Vault agent unable to authenticate in new Kubernetes cluster

I have several kubernetes clusters on different provider and decided to try out the DigitalOcean k8s offering.

I launched a new cluster. To test things out I deployed a pod that uses the kubernetes auto_auth with the vault agent.

The vault agent works great in all the other clusters, but in this new cluster it gets stuck with this message:

auth.handler: error authenticating: error="Error making API request.

URL: PUT https://vault.domain:8200/v1/auth/k8s-cluster-id/login
Code: 403. Errors:

* permission denied

The pod has the token and certificate in the /var/run/secrets/kubernetes.io/serviceaccount/ directory as expected.

When I was configuring the cluster I wrote the auth config to the vault cluster like this:

vault write auth/${K8S_NAME}/config
    token_reviewer_jwt="${SA_JWT_TOKEN}"
    kubernetes_host="${K8S_HOST}"
    kubernetes_ca_cert="${SA_CA_CRT}"

That reported success.

Vault has the auth role and policies that the service account needs.

At this point, I am really not sure what to check next.

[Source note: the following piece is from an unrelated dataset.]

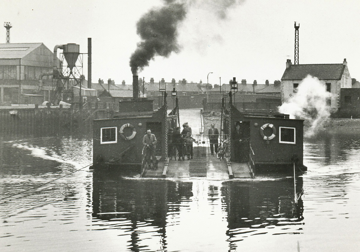 "B.H.C. High Ferry No. 2. VEHICULAR and passenger ferry. Built for the Blyth Harbour Commission. The hull is divided into five watertight compartments. There is a main carriage-way down the centre of the hull, which will carry motor lorries up to 8 tons weight. On each side of the carriage-way deckhouses are fitted for 300 to 400 passengers, ample seating accommodation being provided. The ferry is transported across the harbour by two wire ropes, guided through ball-bearing fairleads and operated by a powerful winch-type engine supplied by Messrs. Clarke, Chapman & Co., Ltd., Gateshead. The vessel passed through an official trial on her station early in September 1922."

I just need someone to point me to the next troubleshooting step(s).

The solution is boring. After much learning, a nice side effect of chasing bugs, I noticed in the logs a statement about how the certificate of the tokenreviewer (k8s cluster) did not include support for the address I had given to vault. I updated that address with one listed in the certificate, and now all is well.

It would be nice if there were some more details on the login error than just. permission denied.